**Directions for this task**
Please transcribe the listing below in full and word for word, without its pictures.

**Raw data**

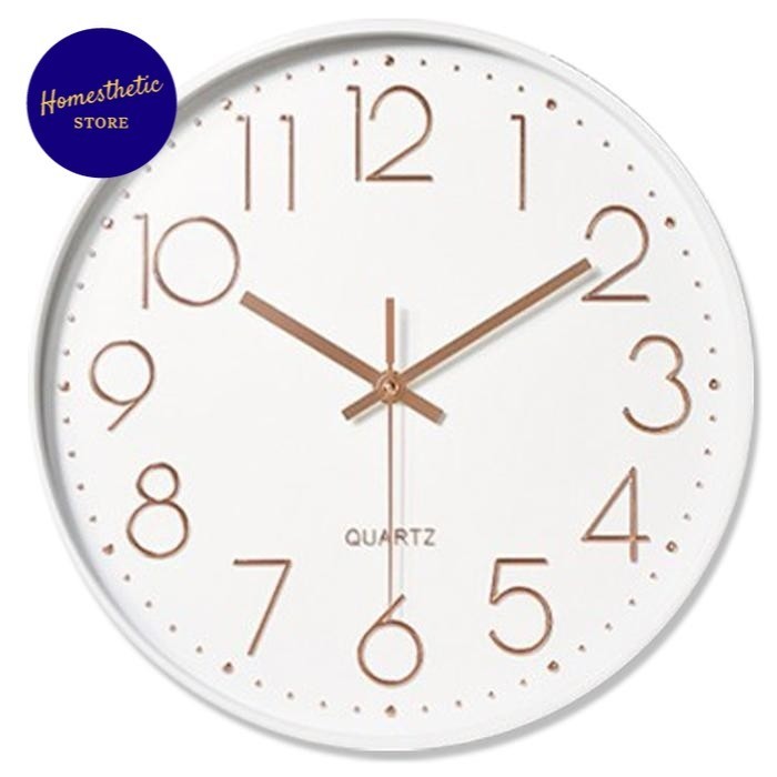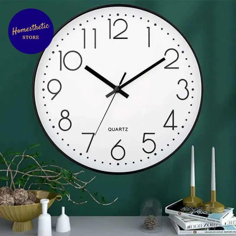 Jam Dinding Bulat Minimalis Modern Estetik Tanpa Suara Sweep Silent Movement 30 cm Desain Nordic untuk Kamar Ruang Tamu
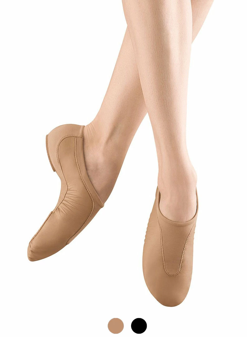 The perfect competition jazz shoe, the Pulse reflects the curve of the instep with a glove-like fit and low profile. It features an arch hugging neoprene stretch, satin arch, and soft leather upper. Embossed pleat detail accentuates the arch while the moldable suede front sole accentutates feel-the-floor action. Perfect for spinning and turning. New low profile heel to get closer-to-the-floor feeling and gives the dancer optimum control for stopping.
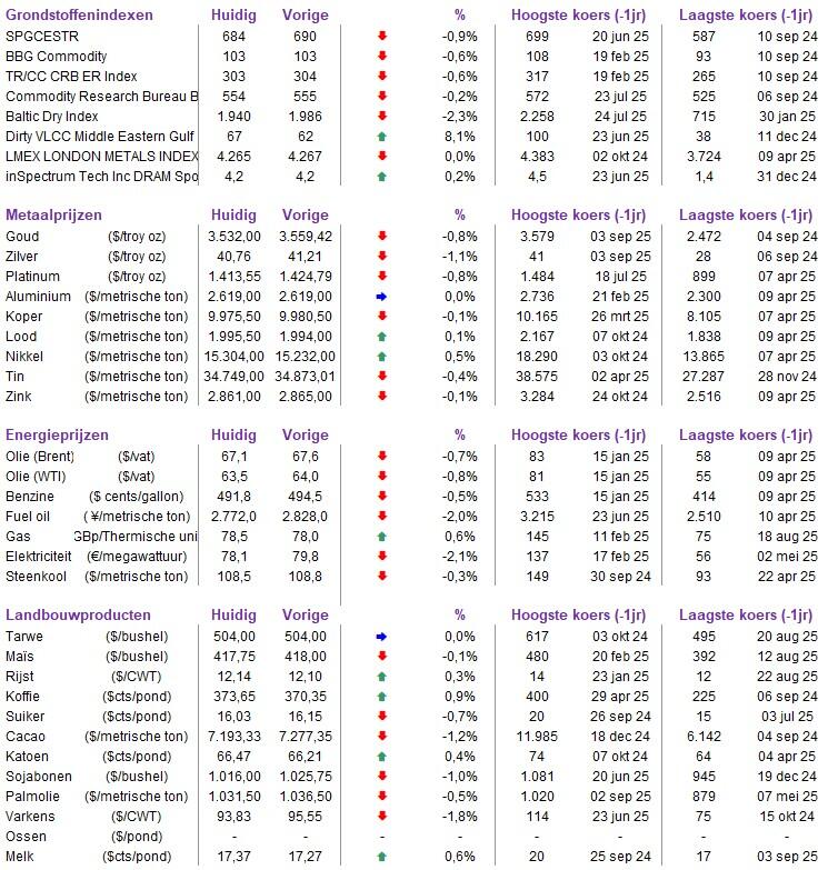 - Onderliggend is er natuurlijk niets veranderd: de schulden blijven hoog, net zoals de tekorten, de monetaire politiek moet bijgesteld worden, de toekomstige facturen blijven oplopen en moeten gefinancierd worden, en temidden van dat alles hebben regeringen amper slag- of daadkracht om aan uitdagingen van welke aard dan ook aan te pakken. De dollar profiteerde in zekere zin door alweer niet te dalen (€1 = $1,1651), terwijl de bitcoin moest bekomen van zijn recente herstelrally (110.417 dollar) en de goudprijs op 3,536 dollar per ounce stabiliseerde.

**Reply to the exercise**
 Jam Dinding Bulat Minimalis Modern Estetik Tanpa Suara Sweep Silent Movement 30 cm Desain Nordic untuk Kamar Ruang Tamu
 The perfect competition jazz shoe, the Pulse reflects the curve of the instep with a glove-like fit and low profile. It features an arch hugging neoprene stretch, satin arch, and soft leather upper. Embossed pleat detail accentuates the arch while the moldable suede front sole accentutates feel-the-floor action. Perfect for spinning and turning. New low profile heel to get closer-to-the-floor feeling and gives the dancer optimum control for stopping.
 - Onderliggend is er natuurlijk niets veranderd: de schulden blijven hoog, net zoals de tekorten, de monetaire politiek moet bijgesteld worden, de toekomstige facturen blijven oplopen en moeten gefinancierd worden, en temidden van dat alles hebben regeringen amper slag- of daadkracht om aan uitdagingen van welke aard dan ook aan te pakken. De dollar profiteerde in zekere zin door alweer niet te dalen (€1 = $1,1651), terwijl de bitcoin moest bekomen van zijn recente herstelrally (110.417 dollar) en de goudprijs op 3,536 dollar per ounce stabiliseerde.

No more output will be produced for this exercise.